-- AIM OF THE TASK --
Begin with the line below holding "Green Jacquard Patchwork" and go on through the line holding "На першій стадії", duplicating each line exactly and leaving out pictures.

-- DATA FOR REVIEW --
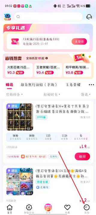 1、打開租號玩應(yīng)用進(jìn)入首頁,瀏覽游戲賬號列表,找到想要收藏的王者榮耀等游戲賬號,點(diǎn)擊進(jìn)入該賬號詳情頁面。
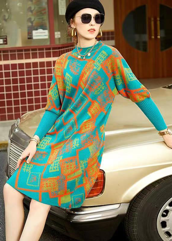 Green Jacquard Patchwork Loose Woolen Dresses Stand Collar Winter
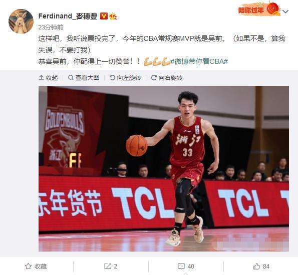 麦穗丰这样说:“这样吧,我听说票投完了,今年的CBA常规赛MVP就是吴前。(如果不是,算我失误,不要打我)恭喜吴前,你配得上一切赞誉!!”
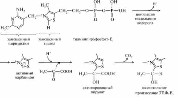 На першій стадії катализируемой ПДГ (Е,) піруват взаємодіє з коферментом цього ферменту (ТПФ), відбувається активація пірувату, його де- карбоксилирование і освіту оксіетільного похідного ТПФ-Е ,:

==

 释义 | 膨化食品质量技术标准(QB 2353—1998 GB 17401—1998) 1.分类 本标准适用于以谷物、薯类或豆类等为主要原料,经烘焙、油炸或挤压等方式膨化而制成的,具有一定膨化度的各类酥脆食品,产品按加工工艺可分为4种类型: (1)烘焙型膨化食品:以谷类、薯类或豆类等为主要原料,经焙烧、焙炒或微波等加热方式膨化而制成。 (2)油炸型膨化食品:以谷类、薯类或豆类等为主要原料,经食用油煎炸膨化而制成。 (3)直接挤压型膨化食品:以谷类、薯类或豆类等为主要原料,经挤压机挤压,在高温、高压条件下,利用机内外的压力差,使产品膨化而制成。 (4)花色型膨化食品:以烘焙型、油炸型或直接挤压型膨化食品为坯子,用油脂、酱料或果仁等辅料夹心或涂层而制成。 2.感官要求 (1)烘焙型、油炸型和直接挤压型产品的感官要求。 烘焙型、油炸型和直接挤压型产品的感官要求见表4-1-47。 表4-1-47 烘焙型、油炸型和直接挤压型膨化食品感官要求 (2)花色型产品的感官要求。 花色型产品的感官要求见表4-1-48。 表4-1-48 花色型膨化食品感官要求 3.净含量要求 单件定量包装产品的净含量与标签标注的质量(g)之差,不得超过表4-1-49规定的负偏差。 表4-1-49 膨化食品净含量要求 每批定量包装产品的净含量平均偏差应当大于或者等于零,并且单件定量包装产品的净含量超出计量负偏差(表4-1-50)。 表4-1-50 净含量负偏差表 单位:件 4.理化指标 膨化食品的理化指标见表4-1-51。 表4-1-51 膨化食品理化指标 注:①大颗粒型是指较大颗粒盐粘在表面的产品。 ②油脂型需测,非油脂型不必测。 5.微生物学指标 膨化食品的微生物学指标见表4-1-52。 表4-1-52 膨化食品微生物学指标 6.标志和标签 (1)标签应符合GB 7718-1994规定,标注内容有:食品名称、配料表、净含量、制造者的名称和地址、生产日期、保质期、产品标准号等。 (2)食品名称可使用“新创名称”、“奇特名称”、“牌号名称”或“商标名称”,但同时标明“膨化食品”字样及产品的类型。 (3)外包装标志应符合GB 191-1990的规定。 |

-- EXERCISE ANSWER --
 Green Jacquard Patchwork Loose Woolen Dresses Stand Collar Winter
 麦穗丰这样说:“这样吧,我听说票投完了,今年的CBA常规赛MVP就是吴前。(如果不是,算我失误,不要打我)恭喜吴前,你配得上一切赞誉!!”
 На першій стадії катализируемой ПДГ (Е,) піруват взаємодіє з коферментом цього ферменту (ТПФ), відбувається активація пірувату, його де- карбоксилирование і освіту оксіетільного похідного ТПФ-Е ,:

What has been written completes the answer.